Division of Hepatology and Gene Therapy, Fundación para la Investigación Médica Aplicada (FIMA), University of Navarra, Avenida Pio XII s/n, 31080 Pamplona, Spain
Magazine: The Surgical Clinics of North America
Date: Apr 1, 2004Immunology [SP] Hepatology
Nonresectable primary and metastatic liver tumors are common malignancies that lack therapies allowing substantial prolongation of survival.
Recent progress in molecular and cell biology has opened the way to novel therapies based on biological modifiers, gene transfer, and autologous stem cells. It is now possible to transfer therapeutic genes to the tumor or pericancerous tissue, and to control their expression for long periods of time.

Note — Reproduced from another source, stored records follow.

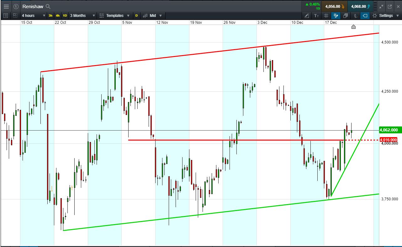 - Renishaw shares are trading in a rising range since late October.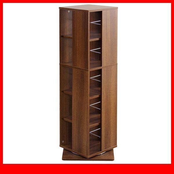 - 本棚★回転ブックラック 5段/コンパクト 省スペース 39x39cm/大容量 収納 本 200冊 DVD 200枚 CD 280枚/木目調 ウォールナット/特価/a3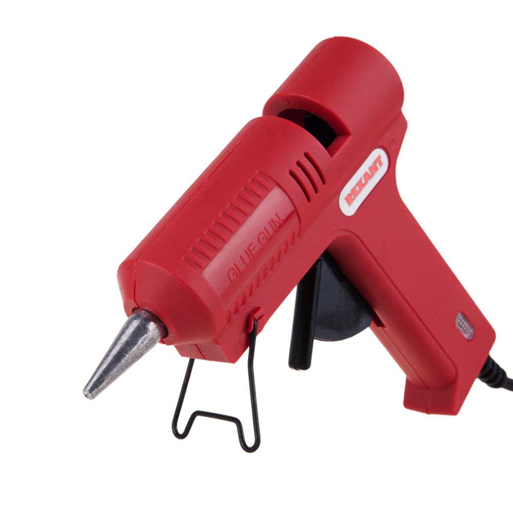 Пистолет клеевой Rexant (15 Вт, Ø7 мм) предназначен для прочной фиксации поверхностей с помощью расплавленной клеевой массы.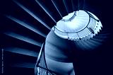 Black and white photograph of spiraling staircase shot from low angle.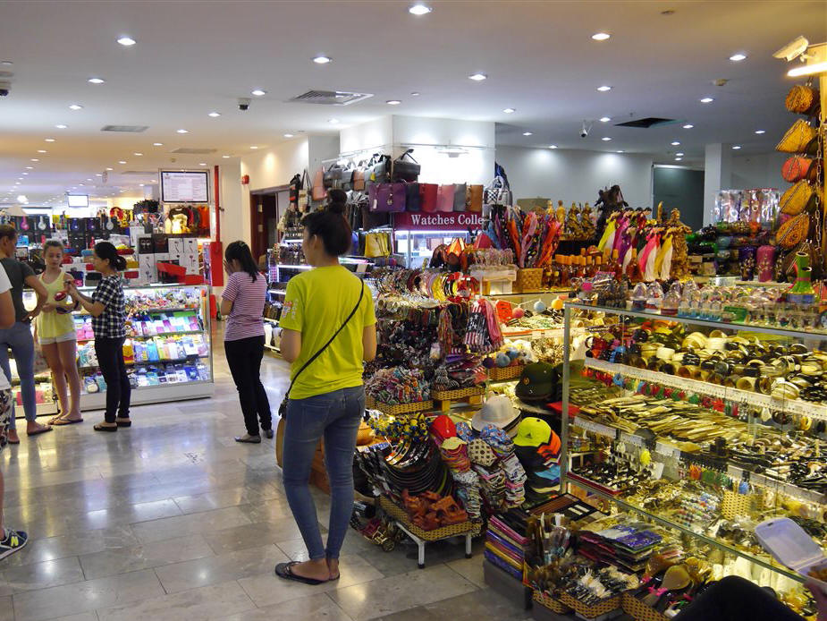 ラッキープラザの1階は土産物とコピーを売る店が並んている。
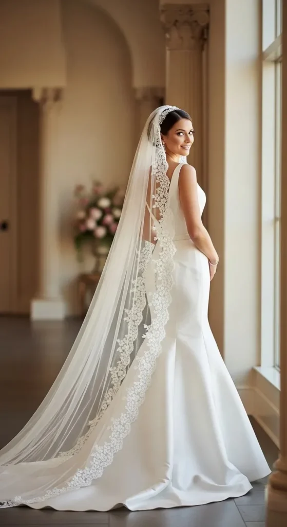 You can even upgrade a plain veil by sewing lace trim along the edges. It’s an easy DIY project if you have basic stitching skills.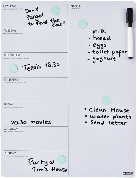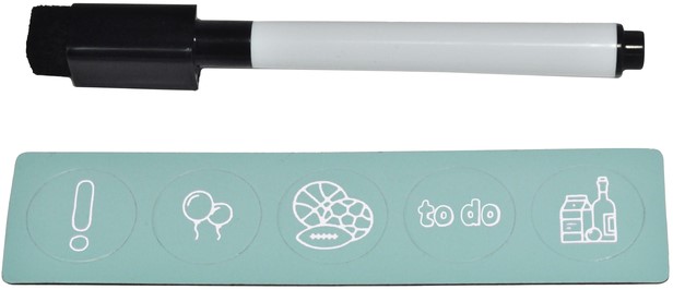 • Inclusief magnetische marker (+ wisserdop) en 5 magneetpicto's: 'Sport' - 'To Do' - 'Boodschappen' - 'Urgent' - 'Feest'.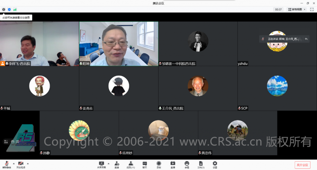 2021年6月24日,清华大学阳坤教授课题组与我站科研人员联合召开了冻土环境模拟学术研讨会。会议采用线上形式,共计包括6个报告和1个特邀报告。我站胡国杰、杜宜臻和陈杰分别做了“多年冻土活动层水热传输机制及其模拟”、“活动层土壤热参数研究”以及“冻土区地表特征的遥感应用”的学术报告。阳坤教授课题组岳思妤、姜... 2021年6月24日,清华大学阳坤教授课题组与我站科研人员联合召开了冻土环境模拟学术研讨会。会议采用线上形式,共计包括6个报告和1个特邀报告。我站胡国杰、杜宜臻和陈杰分别做了“多年冻土活动层水热传输机制及其模拟”、“活动层土壤热参数研究”以及“冻土区地表特征的遥感应用”的学术报告。阳坤教授课题组岳思妤、姜...
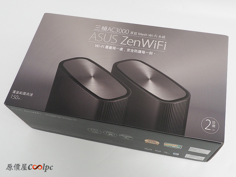 還沒看到本體光從包裝設計及產品形象照就可以發現到這款產品具備華碩招牌的同心圓設計概念走的是高質感的優雅路線,看膩傳統多天線無線分享器的朋友這款美型Mesh WiFi 系統絕對能滿足各位挑剔的審美品味,而在包裝上面上也可以看到這次開箱的版本內建兩台ZenWiFi AC 訊號覆蓋範圍可達150坪。

It is also feasible to generate autologous endothelial progenitor cells that can be recruited by tumoral vessels acting as vehicles to convey therapeutic genes to the interior of the tumor mass.
Combination of biological modifiers, gene therapy, and cell therapy will hopefully provide efficient means to combat inoperable neoplasms in a not-very-distant future.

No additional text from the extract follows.